El tema de Lozoya tiene entre sus objetivos demostrar que se lucha contra la corrupción, pero lo principal para AMLO de la tragedia de Emilio Lozoya es el efecto electoral que pueda generar a favor de “morena” con este recordatorio de la corrupción del PRI, que parece fuente inagotable.

Si se sanciona a los responsables, incluso si se recuperan millones de pesos de lo transado, el escándalo de Lozoya no ayuda en nada a la recuperación económica de México ni a disminuir la pandemia. Dos asuntos, de verdad importantes, que deberían ocupar la mente de los mexicanos fueron relegados y se colocó en el escenario, como si fuera la salvación de México, el punto de las transas de Lozoya y sus compinches.
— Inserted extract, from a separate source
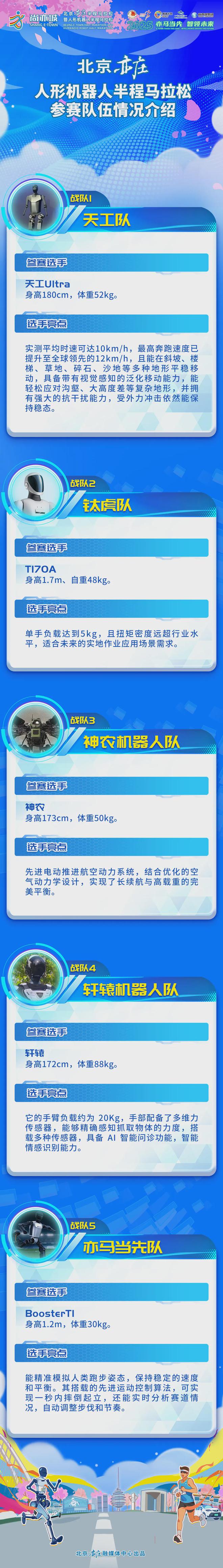 北京人形机器人半马参赛名单揭晓:宇树、众擎等参加 访客 2025-04-18 16:02:12 19619 抢沙发 默认 据北京亦庄消息,2025北京亦庄人形机器人半马参赛名单揭晓,此次马拉松共有21个战队参赛。参赛机器人包括宇树G1、众擎PMOI、夸父等型号。 标签: 北京 机器人 海报 阅读 QQ 分享 微博分享 微信分享 分享 上一篇工信部:截至3月底累计建成开通5G基站439.5万个 下一篇光线传媒王长田:哪吒3制作难度非常高,不再做票房预测 工信部:截至3月底累计建成开通5G基站439.5万个上一篇 光线传媒王长田:哪吒3制作难度非常高,不再做票房预测下一篇 相关推荐 北京机器人 经典之上重塑传奇,BJ40探险家上市,起售价13.49万元起 2026-01-17 北京越野B81 2.0共创版亮相,开启全民共创模式新实践 2026-01-17 王腾新成立五家企业,探索成功之路的五大支点 2026-01-08 智元机器人与MiniMax联手,全模态AI加速融入机器人应用 2026-01-05 三星AI OLED Bot概念机器人亮相CES 2026,大尺寸OLED屏幕机器人亮相 2026-01-04 稚晖君发布首款个人机器人启元Q1 2025-12-31 贾跃亭年终总结,归心似箭,遥望北京 2025-12-29 孙东旭卸任东方甄选珠海公司职务,俞敏洪接任新任领导职务 2025-12-29 发表评论取消回复 快捷回复: 评论列表 (暂无评论,19619人围观)参与讨论 还没有评论,来说两句吧...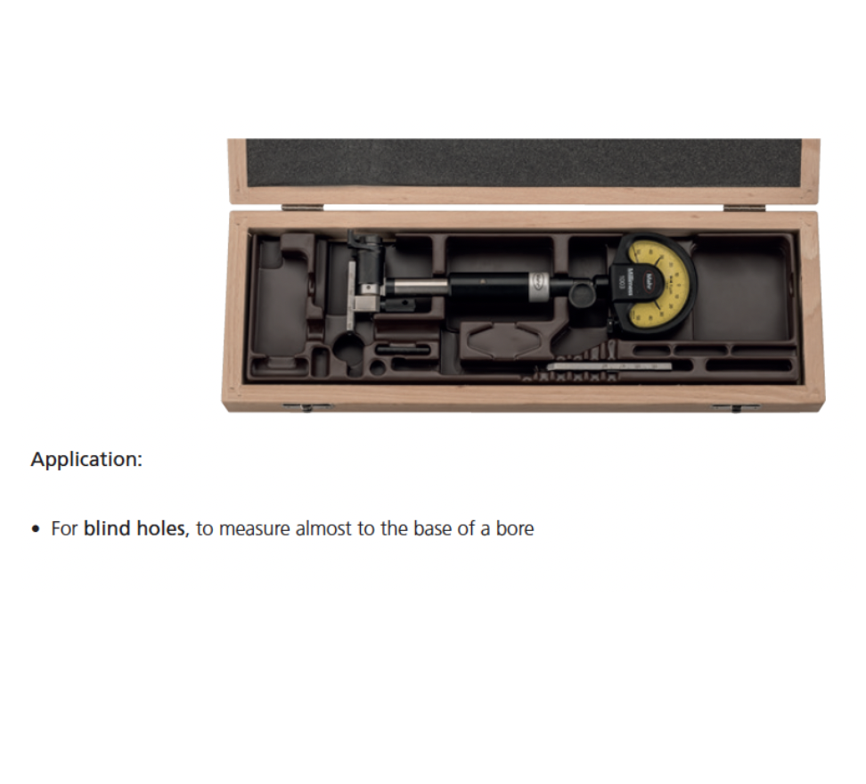 • Package contains: measuring holder, measuring head, anvil spindle, wooden case, excludes indicator

El presidente es un maestro de la distracción, del engaño, del suspenso y la manipulación, ni siquiera va a explotar el tema de Lozoya ahora, está dejando que la angustia se apodere de los pillos, que su consciencia los traicione, y muchos ya se han delatado solos, unos abandonaron cargos de representación y otros – del PAN- se dice que ya hasta abandonaron México y se refugian en Canadá, otros lanzan declaraciones deslindándose de Lozoya. AMLO mientras gana tiempo, todo el que puede, para reventar el tema lo más cercano a los tiempos electorales.

Nadie está reclamando el descontrol de la pandemia, pese a que estamos entre los cuatro países con más muertes; poco se habla de la maltrecha economía y de la ausencia de un plan integral que ayude a reactivar a México. Las primeras planas de los periódicos, las televisoras y las radios se ocupan de la tragedia de Lozoya; los fanáticos de AMLO celebran la caída de ese señor, se distraen en asuntos que deben ser secundarios, mientras México se sigue desangrando por la inseguridad, mientras millones de mexicanos se suman al desempleo y a la pobreza y la economía del país no da visos de empezar a recuperarse. La tragedia de Lozoya cumple con su cometido, fortalecer electoralmente a morena. Para AMLO lo demás es lo de menos.